I recently finished Course on RL by David Silver (on YT) and thought about trying it out on simple application in Unity Game Engine, where I've built simple labyrint with ball and want to teach the ball to get from point A to point B in there while avoiding obstacles and fire (the place where you'll get burnt so big negative reward)

The problem I encountered while designing the whole thing (programming-wise) is: What is the correct (or at least good) way of representing the position in 2D space? It is continuous so I thought about representing it as feature vector consisting of [up, down, left, right, posX, posY] where direction is whether I am pressing button of moving in that direction in binary (or actions if you want) and pos are floats (0-1) representing normalized position from one corner on the plane where the whole map is. That would be accompanied by vector W that would represent the weights adjusted using Gradient Descent.

Question is: will this work?? I am asking for 2 reasons. One is that I am not so sure about that posX and posY since it can be 0 and if I multiply it by the weights vector then how could be resulting reward anything but 0? Second reason is that I am not sure if the actions should be part of the features. I mean, it makes sense to me but I could easily be very wrong since I am a beginner.

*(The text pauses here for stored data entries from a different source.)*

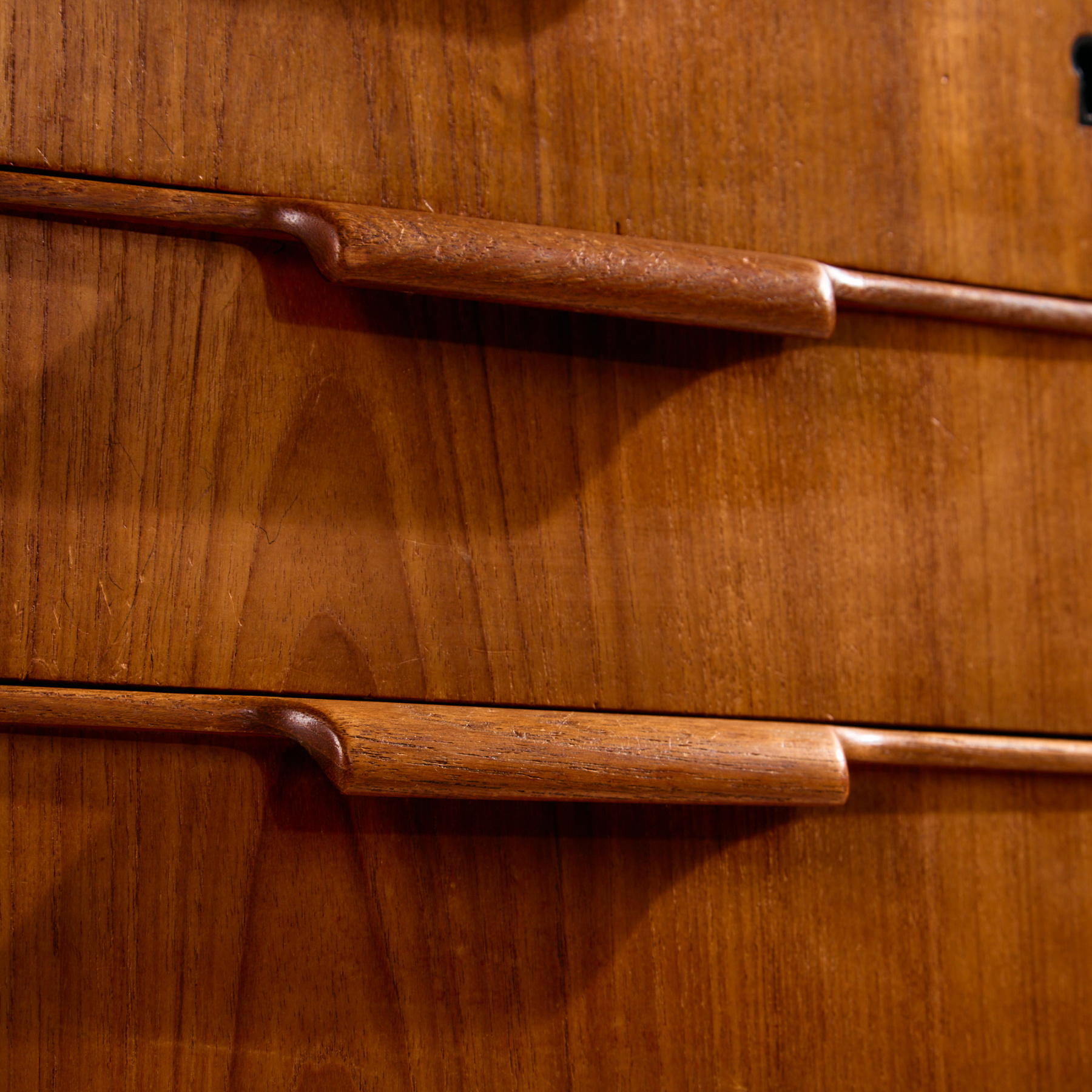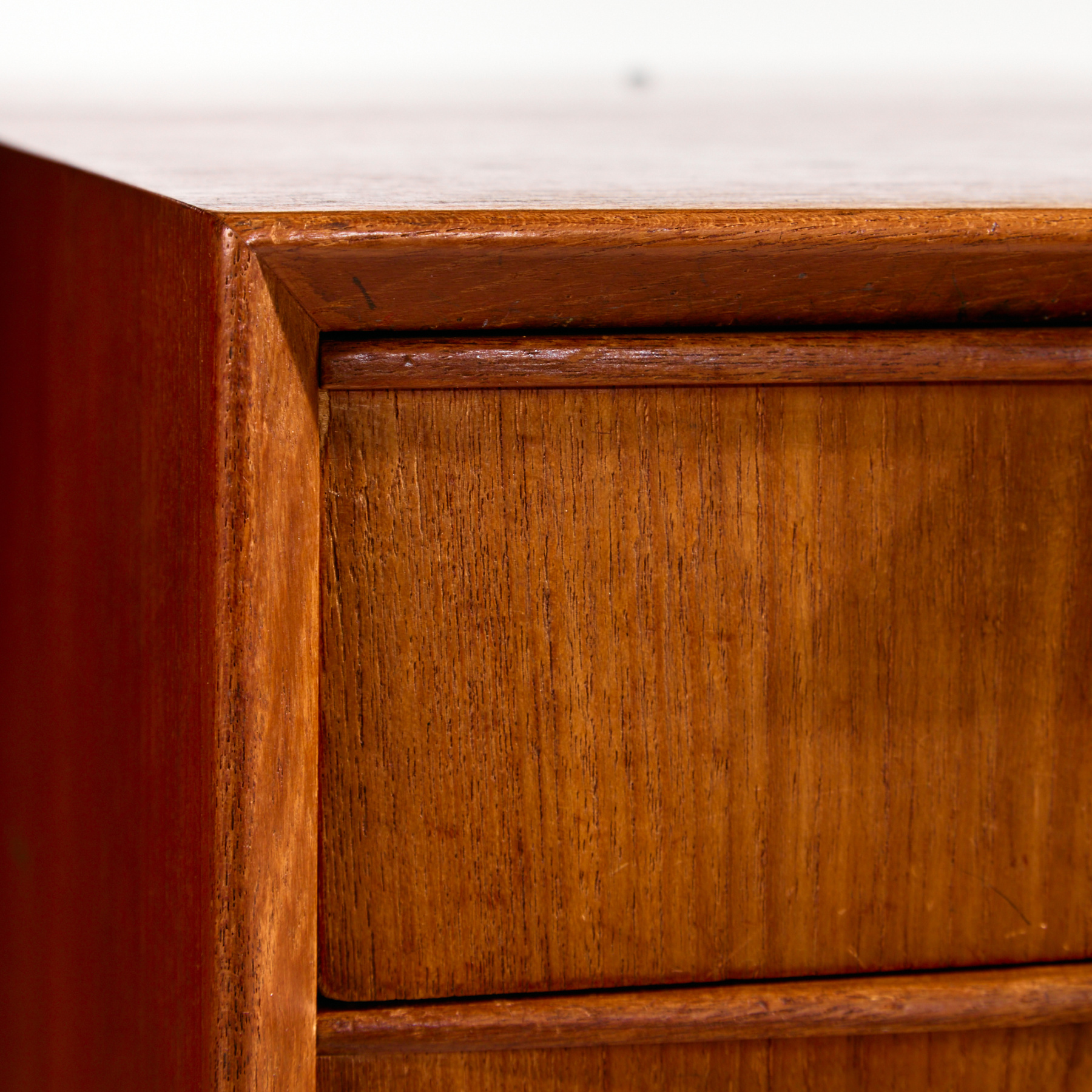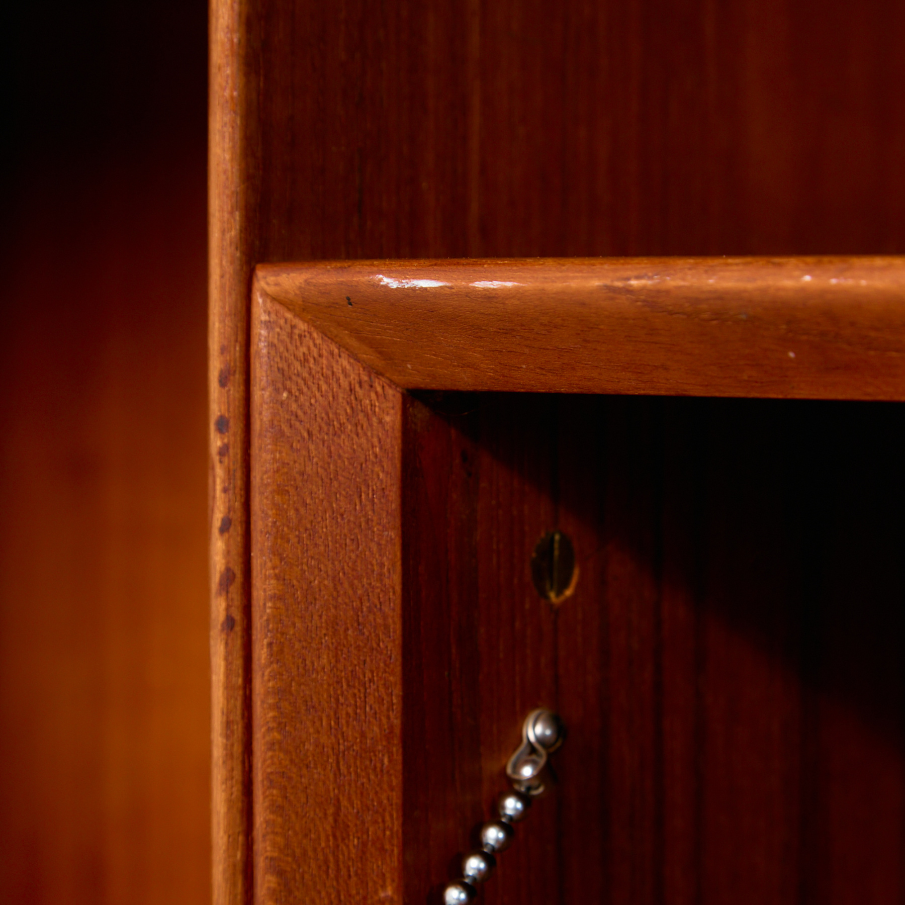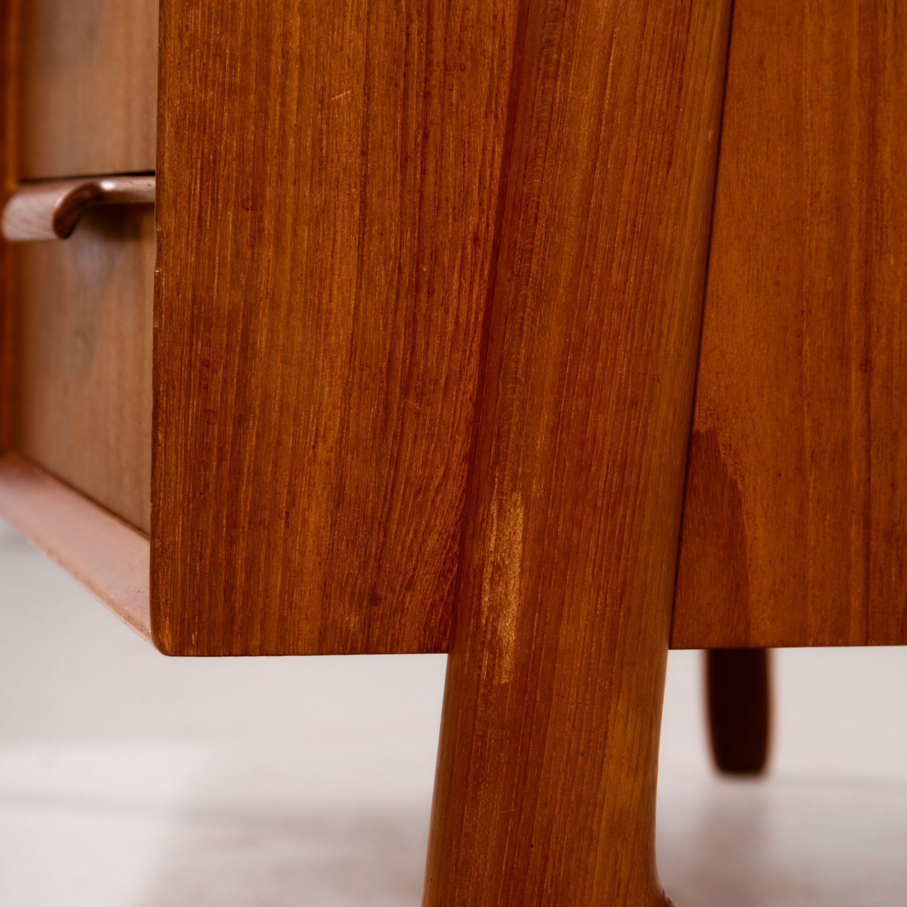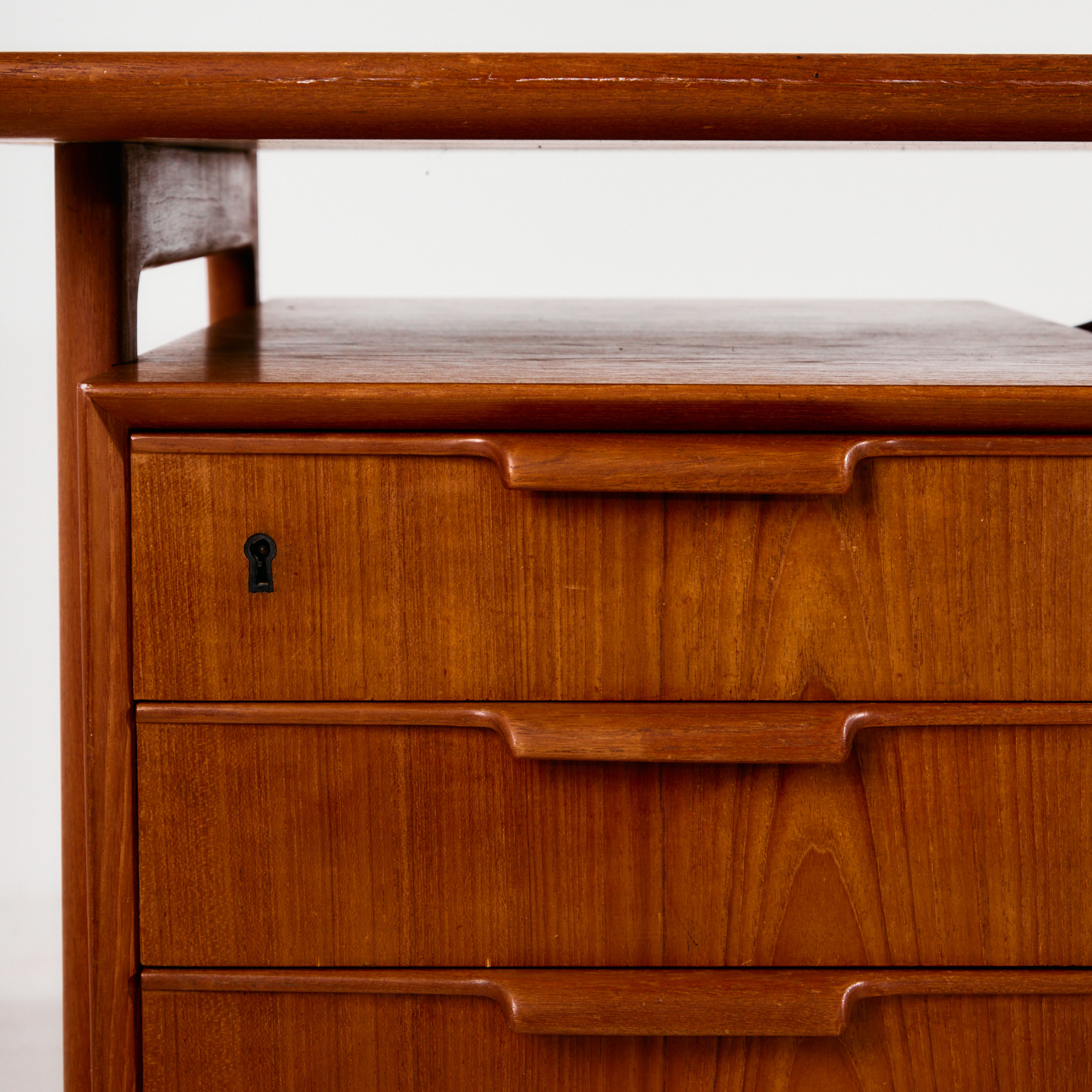 Gunni Omann által az Omann Jun Møbelfabrik számára tervezett ‘Modell 75’ teak íróasztal az 1960-as évekből. Az asztal hat fiókkal, hátán kettő nyitott polccal ellátott. A bútor formai kialakításának és anyaghasználatának köszönhetően egyszerre elegáns és időtlen darab. Felületén helyenként karcokkal, foltokkal és kopásokkal.
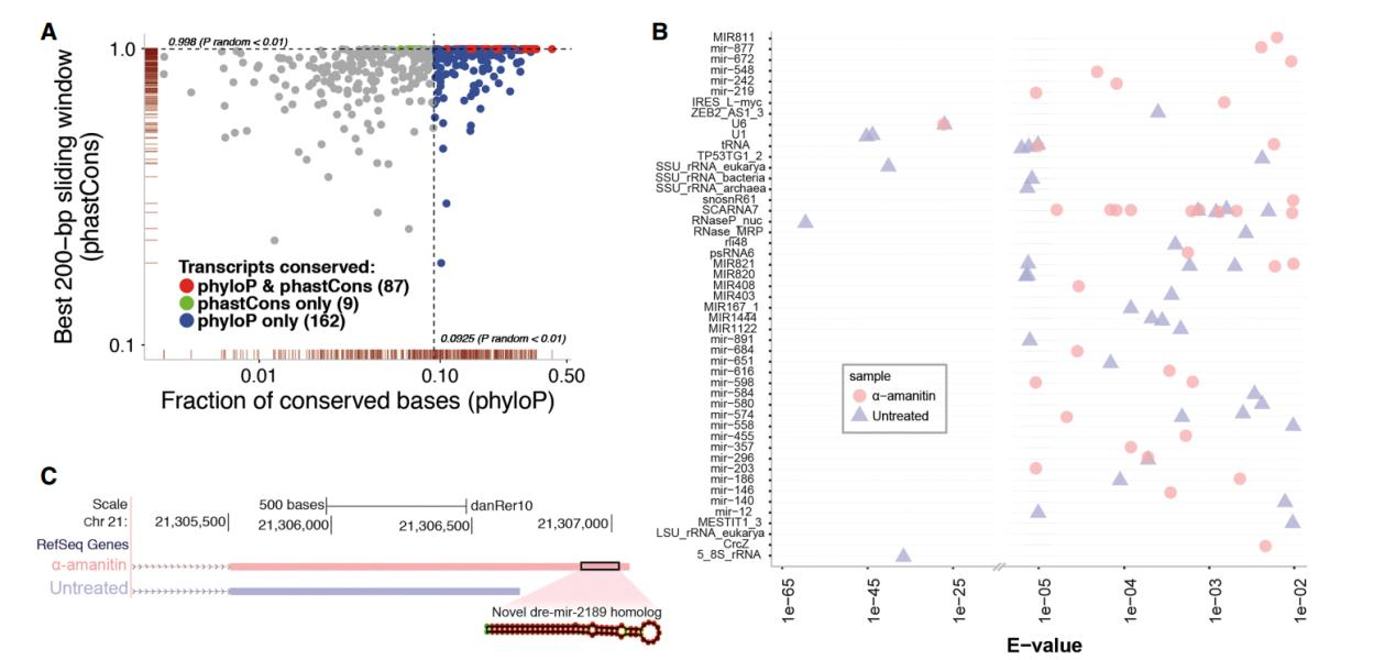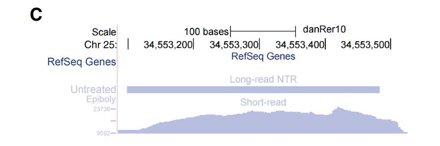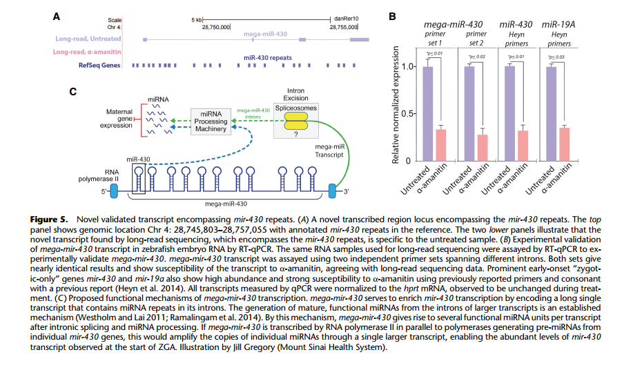 通過全長(zhǎng)轉(zhuǎn)錄組鑒定到的大量新轉(zhuǎn)錄本中包括了一種重要 miRNA- miR-430,mir-430 可能是第一個(gè)表達(dá)的合子基因,它通過對(duì)所有母源轉(zhuǎn)錄基因進(jìn)行的特異性沉默和降解將合子 基因的啟動(dòng)和母體程序的消除連接起來。在以前的研究中,對(duì)其功能研究較多,而對(duì)于 miR-430 的來源研究較少。作者鑒定到了一個(gè)新的跨越 9kb 基因組序列的四外顯子轉(zhuǎn)錄本, 該轉(zhuǎn)錄本重疊 22 個(gè) mir-430 重復(fù)序列,被稱為“mega-mir-430”。 在α-amanitin 處理中沒 有檢測(cè)到 mega-mir-430,并通過 qPCR 進(jìn)行了驗(yàn)證,推斷它來源于合子基因組。從每個(gè) mega-mir-430 轉(zhuǎn)錄本產(chǎn)生多個(gè) mir-430 的拷貝,這個(gè)發(fā)現(xiàn)解釋了合子基因激活時(shí) mir-430 高表達(dá)的原因。
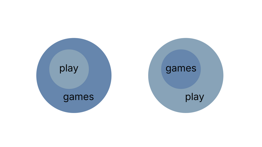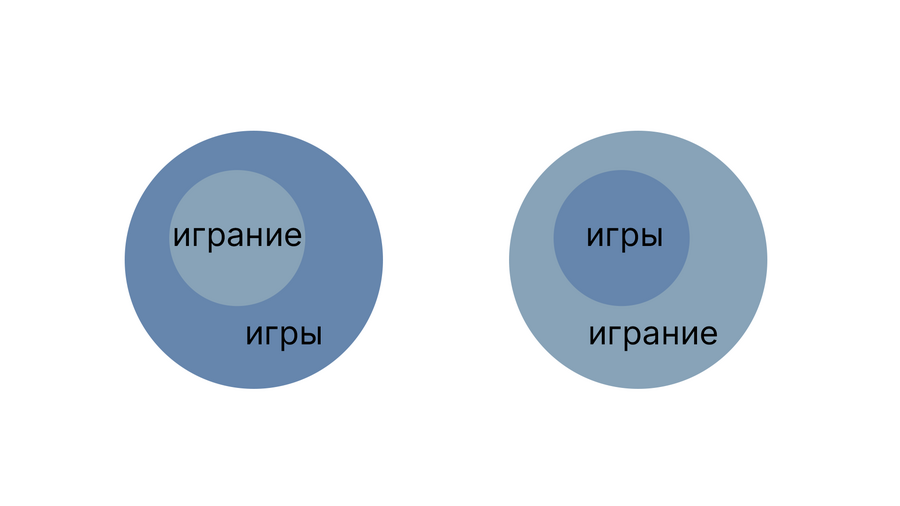 «Оказывается, что играние и игры находятся в удивительно сложных отношениях. Играние — это одновременно и более широкое, и более узкое понятие, чем „игра“, в зависимости от того, как оно сформулировано. В одном смысле „играние“ — более широкое понятие, включающее „игру“ как подмножество. В другом же смысле верно обратное: „игра“ — более широкое понятие, включающее в себя „играние“.
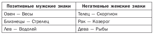 В астрологии есть еще понятие противоположных знаков, которое нельзя путать с полярностью, поскольку противоположные знаки всегда принадлежат к одной полярности. Сформировались противоположные пары, представленные в табл. 3. Они постоянно взаимодействуют – то притягиваются, то отталкиваются, но в принципе они как части целого дополняют друг друга.
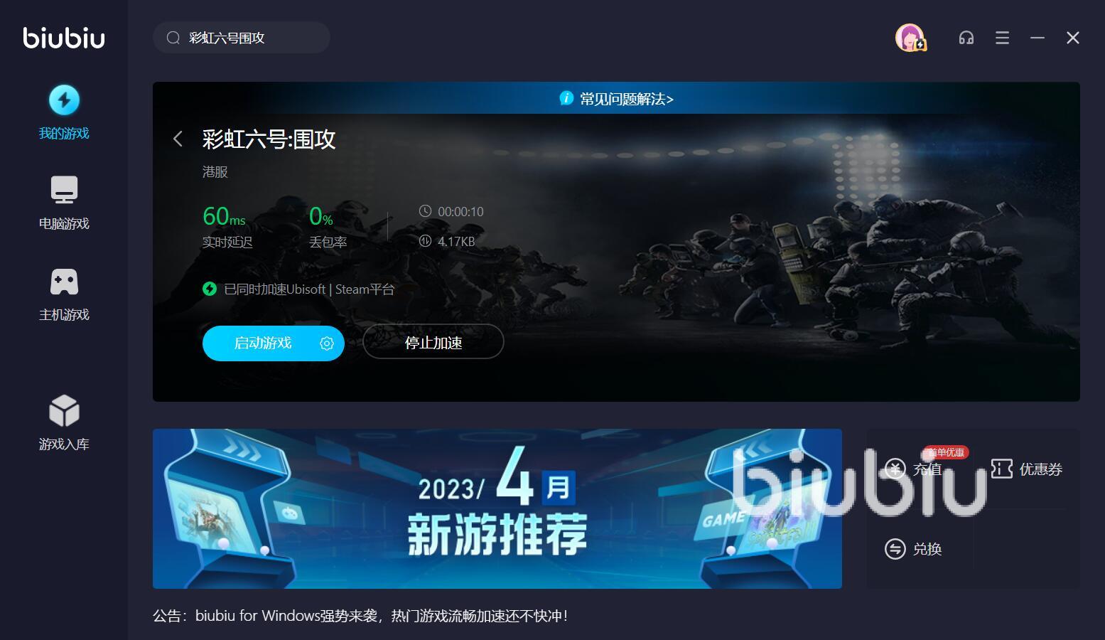 以上就是彩虹六號(hào)圍攻卡頓怎么辦,在和隊(duì)友組隊(duì)?wèi)?zhàn)斗的時(shí)候,延遲過高不僅影響自己的發(fā)揮,還會(huì)讓心情變?cè)愀猓貏e是在戰(zhàn)斗最為緊張的時(shí)候,稍有不慎,就會(huì)落得個(gè)滿盤皆輸。如果你覺得biubiu加速器還不錯(cuò),那么可以下載安裝去試一試。
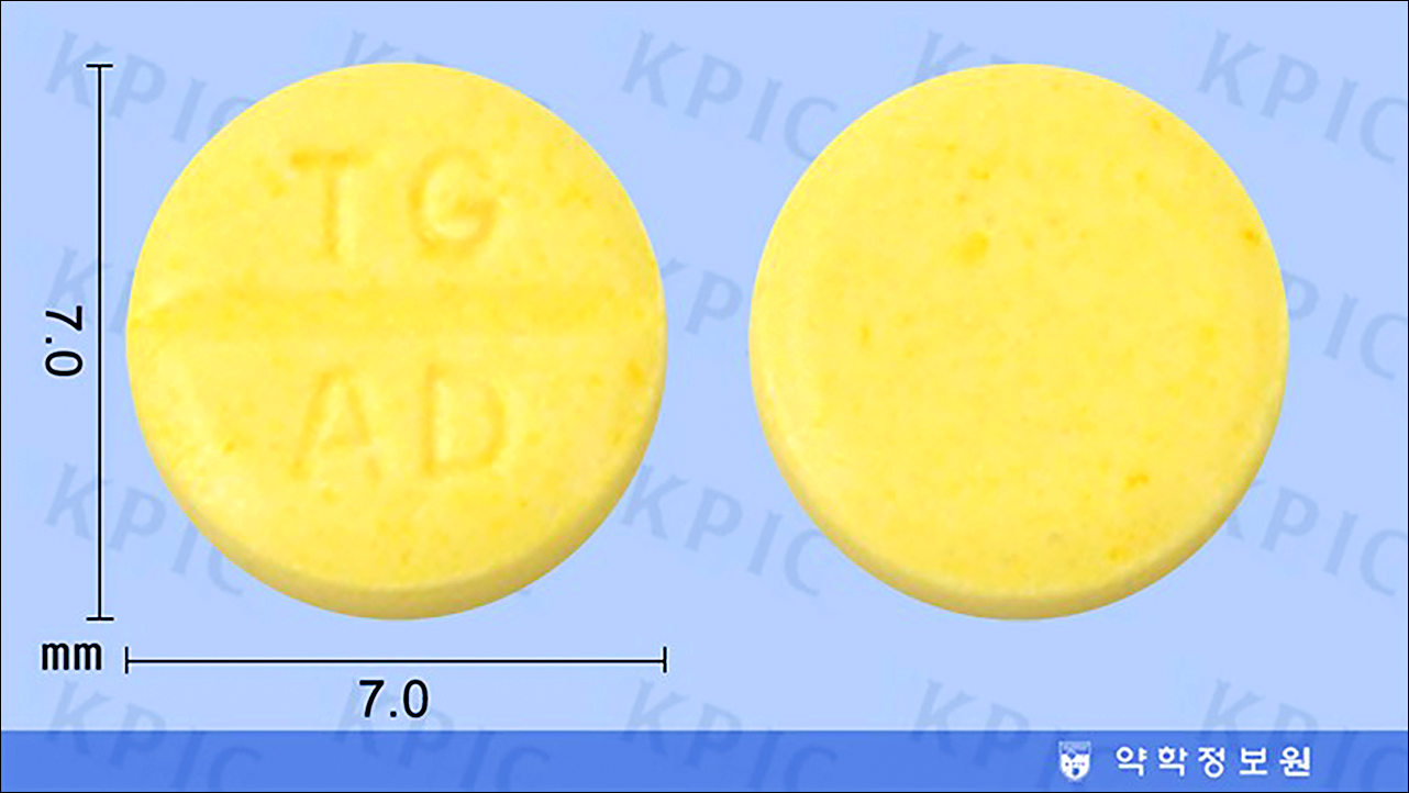 | 성상 | 노란색의 원형 정제 |

Thanks a lot guys in advance. If you have any more questions or think the problem is not described deeply enough just ask in the comments and I'll edit the question. :)

PS: I could just code it the way I think is right, but I also want to get gasp of designing applications on paper before coding them (project management).

Shouldn't the action be the output not the input? If you also learn a bias vector you mitigate the pos==(0,0) problem. – BlindKungFuMaster – 2016-09-09T12:42:56.280

@BlindKungFuMaster That's the second reason there. To explain my thought process - The vector there is intended to be used as input to Q(s, a) which will be a function with parameters W (vector) that will be learned. The exact action then will be extracted from there finding max a in that Q(s, a) where S will be extracted from actual position of the ball and A will be found in some sort of loop.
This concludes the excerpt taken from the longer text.